Nvidia GPUs are 25 times faster than five years ago

Jensen Huang claims that GPU chips are moving at a more rapid rate of development than CPUs and instead of following Moore's Law, they are following a supercharged law which he clearly hopes will be called Huang’s Law.

To be fair, he didn't call it Huang's Law but then again Gordon Moore did not give his Law a name either.  What he said was that there was a new law in GPU land – "supercharged law" and maybe the press would call it Huang's Law.  

For those who came in late, Moore’s Law refers to the regular doubling of the number of components per integrated circuit that drove a dramatic reduction in the cost of computing power. Huang said that GPUs are developing much faster. 

Huang pointed out that Nvidia’s GPUs today are 25 times faster than five years ago. If they were advancing according to Moore’s Law, he said, they only would have increased their speed by a factor of 10.

He said that other benchmarks show the speed is much more. The time to train AlexNet, a neural network trained on 15 million images would have taken six days on two of Nvidia’s GTX 580s. The company’s latest hardware, the DGX-2 takes 18 minutes—a factor of 500.

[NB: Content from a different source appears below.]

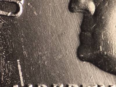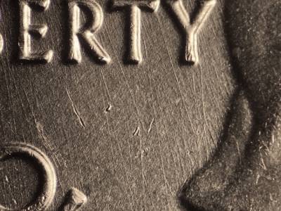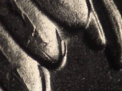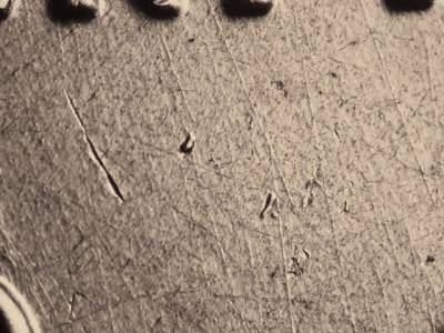 Obverse: Many strong die scratches throughout the obverse. Strong die gouges below the RT in LIBERTY. Die gouge on the bust to the right of the designers initials JF. Strong die gouge below the R in AMERICA.

So basically Huang was chucking lots of numbers about and has still not come up with a law. However he did think that GPUs need a law of their own—they benefit from simultaneous advances on multiple fronts: architecture, interconnects, memory technology, algorithms, and more.

“The innovation isn’t just about chips,” he said, “It’s about the entire stack.”

And he wants to be the Law, we doubt it will catch on.